求最长不重叠子串

2018/05/16 23:21
阅读数 6
A musical melody is represented as a sequence of N (1<=N<=20000)notes that are integers in the range 1..88, each representing a key on the piano. It is unfortunate but true that this representation of melodies ignores the notion of musical timing; but, this programming task is about notes and not timings.
Many composers structure their music around a repeating &qout;theme&qout;, which, being a subsequence of an entire melody, is a sequence of integers in our representation.
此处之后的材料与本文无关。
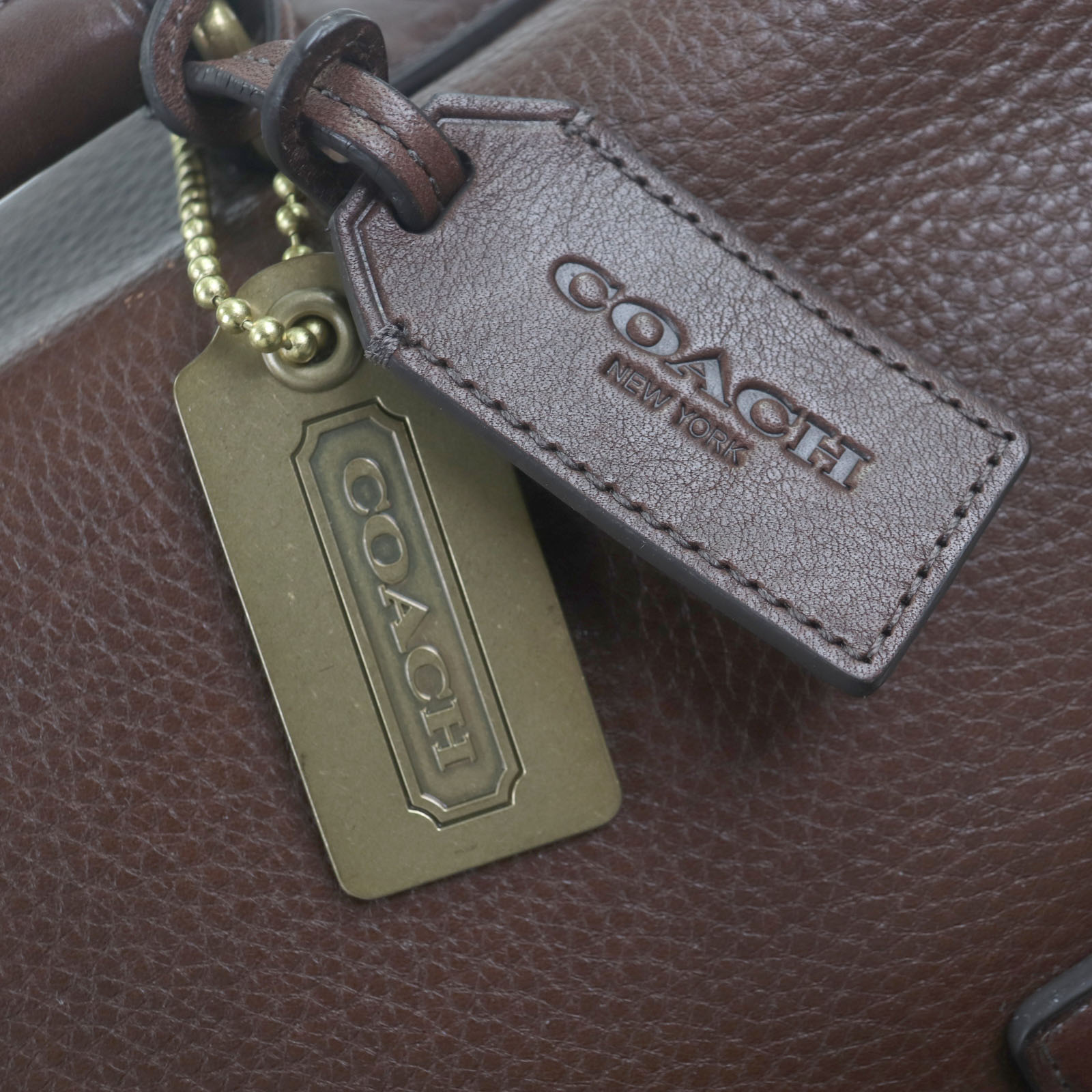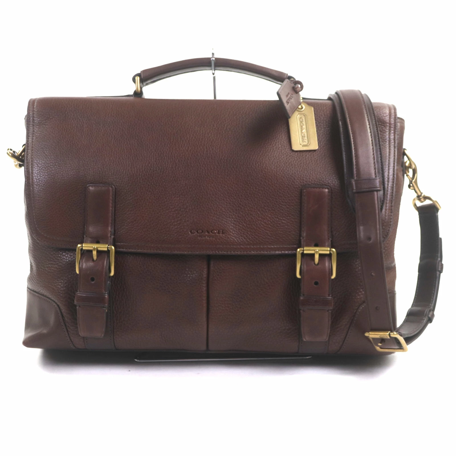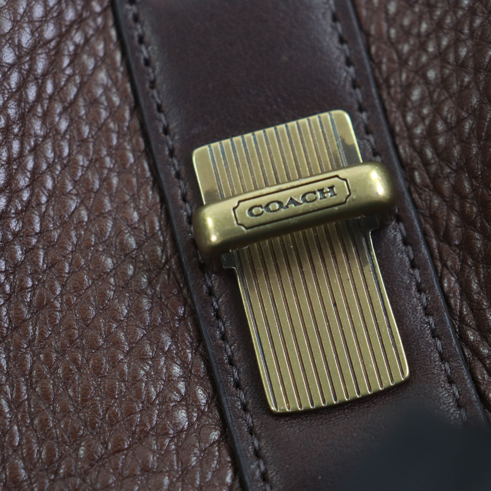 Excellent condition: COACH 70480 leather, old Coach flap-style 2-way business bag/briefcase, dark brown, with dust bag. Pre-owned.

A subsequence of a melody is a theme if it:
  • is at least five notes long
  • appears (potentially transposed -- see below) again somewhere else in the piece of music
  • is disjoint from (i.e., non-overlapping with) at least one of its other appearance(s)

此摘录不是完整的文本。